This series is a product of Assessing the New Federalism, a multi-year project to monitor and assess the devolution of social programs from the federal to the state and local levels. Alan Weil is the project director and Anna Kondratas is the deputy director. The project analyzes changes in income support, social services, and health programs and their effects. In collaboration with Child Trends, Inc., the project studies child and family well-being.

There are two Highlights for each state. The Highlights that focus on health cover Medicaid, other public insurance programs, the health care marketplace, and the role of public providers. The income support and social services Highlights look at basic income support programs, employment and training programs, child care, child support enforcement, and the last-resort safety net. The Highlights capture policies in place and planned in 1996 and early 1997. To receive the full-length reports on which the Highlights are based, contact the Urban Institute.

The nonpartisan Urban Institute publishes studies, reports, and books on timely topics worthy of public consideration. The views expressed are those of the authors and should not be attributed to the Urban Institute, its trustees, or its funders.


Washington has a long history of providing a strong safety net in support of low-income families, both those on welfare and the working poor. In 1996, almost 20 percent of the state's general fund—which pays for public schools, public assistance and social services, natural resource management, and environmental protection—went to AFDC and Medicaid. However, in coming years Washington's safety net will face mounting pressure due to Initiative 601, a referendum passed in 1993 that limits state spending and is prompting increased scrutiny of all state spending programs.

State Characteristics

Washington is the 18th-largest state in the United States, with a population of 5.3 million in 1995. Between 1990 and 1995, Washington's population grew by almost 12 percent, nearly twice the rate of the United States. This rapid growth, primarily the result of interstate migration and immigration, reflects the attraction of the state's strong economy, particularly in the Seattle/Puget Sound region, with its strong aerospace, high technology, and telecommunications industrial base. In 1995, Washington's prosperity translated into a higher-than-average per capita income ($23,774) and lower poverty rate (12.6 percent) than the national average (see table 1). In addition, Washington has fewer children without health insurance, fewer low birth-weight babies, lower infant mortality and morbidity, fewer births to teenagers (particularly unmarried teenagers), and a larger share of two-parent families than the national average.

Setting the Policy Context

Under Initiative 601, increases in general-fund expenditures are limited to the rate of inflation and total population growth.

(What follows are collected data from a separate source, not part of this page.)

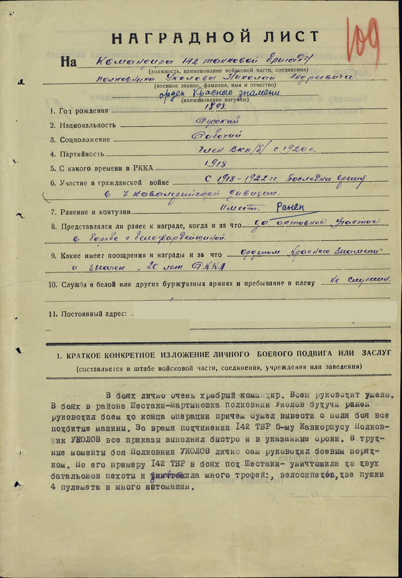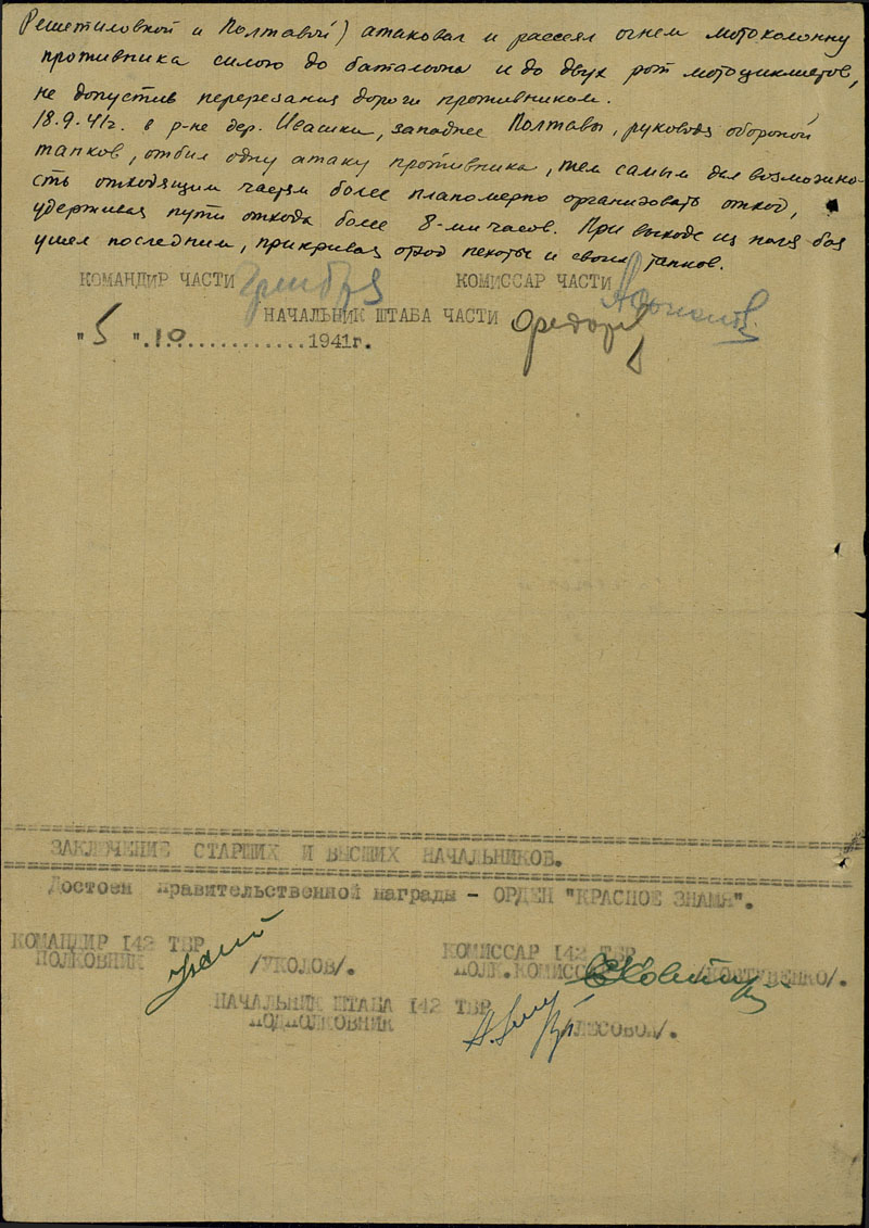 142-й танковой бригадой (I) ? Ну как минимум есть на то две причины. Во-первых, есть наградной лист на него на "Подвиге народа" (вот уж, сложно умалить значение его как источника), как на командира 142-й танковой бригады, руководившего боем бригады в районе Шестаки-Мартыновка, подписанный командиром 5-го кавалерийского корпуса генерал-майором Камковым. Во-вторых, есть наградные листы, подписанные им и именно как командиром 142-й танковой бригады! Правда, уже в первых числах октября, но будь он на Западном фронте в 143-й танковой бригаде, попавшей под "каток" начавшегося немецкого наступления, ему было бы не до наградных листов.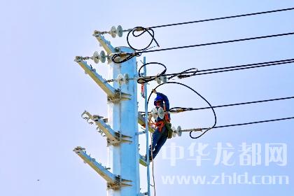 8月25日,在周口野生動物世界第二電源工程項目施工現(xiàn)場,30多名電力施工人員正在對40基桿塔引線進行校正、綁扎、緊線作業(yè)。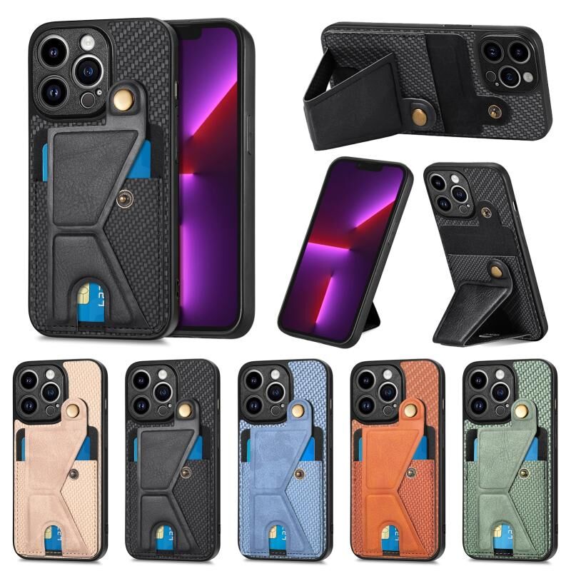 Θήκη κινητού τηλεφώνου για iPhone 13 Pro, από ανθρακονήματα, τύπου πορτοφολιού με κάρτες και σχήμα K (Μαύρο)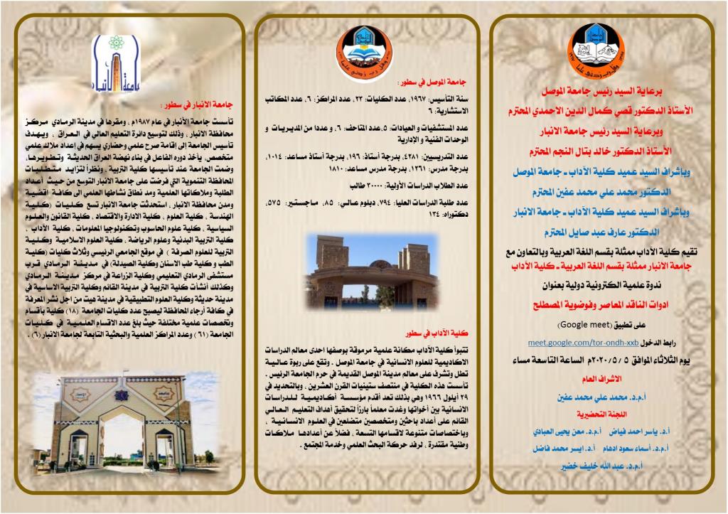 ندوة علمية الكترونية دولية بعنوان (ادوات الناقد المعاصر وفوضوية المصطلح)برعاية السيد رئيس جامعة الموصل الأستاذ الدكتور قصي كمال الدين الاحمدي المحترم وبرعاية السيد رئيس جامعة الانبار الأستاذ الدكتور خالد بتال النجم المحترم وبإشراف السيد عميد كلية الآداب ـ جامعة الموصل الدكتور محمد علي محمد عفين المحترم وبإشراف السيد عميد كلية الآداب ـ جامعة الانبار الدكتور عارف عبد صايل المحترماقامت كلية الآداب ممثلة بقسم اللغة العربية بالتعاون مع جامعة الانبار ممثلة بقسم اللغة العربية ـ كلية الآدابندوة علمية الكترونية دولية بعنوان (ادوات الناقد المعاصر وفوضوية المصطلح ) على تطبيق (Google meet)اليوم الثلاثاء الموافق 5 / 5/ 2020م الساعة التاسعة مساءالاشراف العام : أ.م.د. محمد علي محمد عفيناللجنة التحضيرية : أ.د. ياسر احمد فياض أ.م.د. معن يحيى العبادي ، أ.م.د. أسماء سعود ادهام ، أ.د. ايسر محمد فاضل ، أ.م.د. عبد الله خليف خضيراهداف الندوة :تسعى هذه الندوة الى تسليط الضوء على قضية لغوية مهمة ألا وهي المصطلح النقدي ، إذ يعد محطة لا غنى عنها في حال من الأحوال ، فالنقد الأدبي فرع من فروع العلوم الإنسانية من والمصطلح النقدي يمثل مدخلا معرفيا مهما ؛ ذلك أن كثيرا من المسائل والمفاهيم تعتمد على تحديده ، فضلا عن ذلك يعد المصطلح عتبة علمية معرفية تيسر عملية القراءة والفهم والافهام ، فإن حدث خلل في المصطلح انعكس ذلك على فهم بقية المسائل التي تتعلق به ؛ لذا كان تداخل المصطلح يشكل عقبة حقيقة امام الناقد ومن هنا حاول الناقد ان يجعل المصطلح وتشعباته من ادواته النقدية التي يرتكز عليها في فهمه للمسائل المعرفية ، فكان عليه اولا وضع النقاط على الحروف عبر تبني المصطلح بتحديده الدقيق والابتعاد عما يشوبه من قضايا قد تشوه مجمل المعرفة العلمية ولا سيما فيما يتعلق بالقضايا الانسانية ، فجاءت هذه الندوة محاولة لاكتشاف تلك الادوات التي يعتمدها الناقد في معرفته الا وهي المصطلح ، ومع كثرة المشاركين وما سيدلون به من جعبتهم الا أن هذه القضية تحتاج الى تعمق اكثر وبحوث مطولة ومع ذلك جاءت هذه الندوة خطوة ضمن مشروع لساني لتسليط الضوء على قضايا عالقة ومحاولة لوضع مفاتيح لقراء النصوص قراءة معمقةشارك في هذه الندوة ويقدم أوراق عملها كلّ من :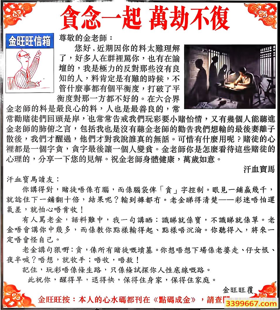 | 主题 :102期:金旺旺信箱彩民推荐→→《貪念一起 萬劫不復》 |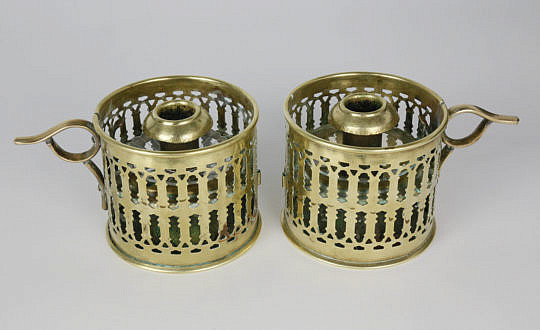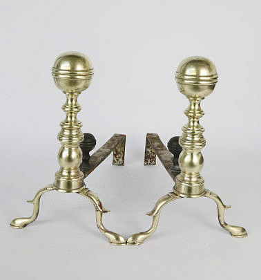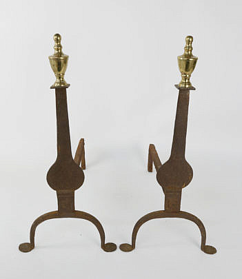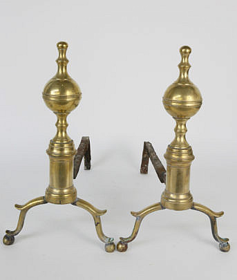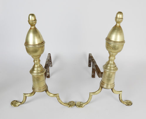 Pair of Brass and Iron Philadelphia Double Acorn Andirons, circa 1800
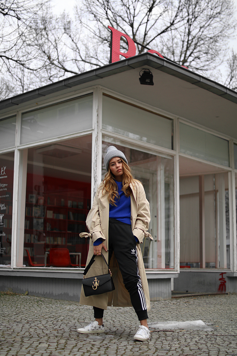 wearingTrenchcoat – EDITED the Label. Cashmere Jumper – H&M. Jogging Pants – Adidas Originals (similar). Sneaker – Saint Laurent. Bag – J.W.Anderson (similar). Knitted Hat – Zara (similar). Watch – Abbott Lyon (similar).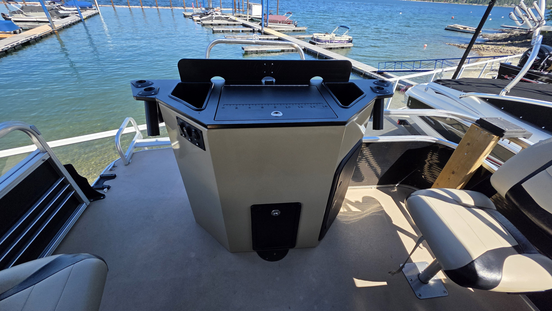 Great deals on pontoon boats don’t come along often, but we have one here! This is a 23’ triple pontoon with a 200HP Mercury outboard. Don’t let the 820 hours on the motor deter you – there’s lots of life left in this unit and many summers of fun for you and your family! 13 person seating capacity means you don’t have to leave anyone at the dock! Vinyl is all in great condition. Comes with a double bimini top, cockpit cover, vinyl floor for easy cleaning, live well, downrigger mount (no downrigger included), fish table and rod holders. Also has a custom welded kicker bracket. Comes on a tandem axle trailer with brakes.

With the populations served by education, corrections, and elderly services growing faster than the population overall and health care costs rising faster than inflation, complying with the spending cap in the future will mean cutting services and/or improving the efficiency of service delivery. The state has undertaken both budget cuts and initiatives to improve the efficiency of the provision of public services, including performance-based budgeting, regulatory and quality reviews, performance management systems in the workforce development system, and the use of managed care in the Medicaid program.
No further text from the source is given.